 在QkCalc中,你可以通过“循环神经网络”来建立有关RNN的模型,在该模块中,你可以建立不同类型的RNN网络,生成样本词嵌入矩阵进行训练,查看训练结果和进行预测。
***
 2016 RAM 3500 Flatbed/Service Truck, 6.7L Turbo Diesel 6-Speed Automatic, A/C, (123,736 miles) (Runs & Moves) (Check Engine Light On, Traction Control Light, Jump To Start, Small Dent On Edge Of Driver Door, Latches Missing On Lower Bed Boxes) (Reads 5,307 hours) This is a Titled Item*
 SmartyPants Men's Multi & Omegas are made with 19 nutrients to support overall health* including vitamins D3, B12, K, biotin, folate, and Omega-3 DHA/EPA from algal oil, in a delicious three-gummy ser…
***
Given the records above, restate word for word only the lines starting at the one with "2016 RAM 3500" and ending at the one with "SmartyPants Men's Multi".

 2016 RAM 3500 Flatbed/Service Truck, 6.7L Turbo Diesel 6-Speed Automatic, A/C, (123,736 miles) (Runs & Moves) (Check Engine Light On, Traction Control Light, Jump To Start, Small Dent On Edge Of Driver Door, Latches Missing On Lower Bed Boxes) (Reads 5,307 hours) This is a Titled Item*
 SmartyPants Men's Multi & Omegas are made with 19 nutrients to support overall health* including vitamins D3, B12, K, biotin, folate, and Omega-3 DHA/EPA from algal oil, in a delicious three-gummy ser…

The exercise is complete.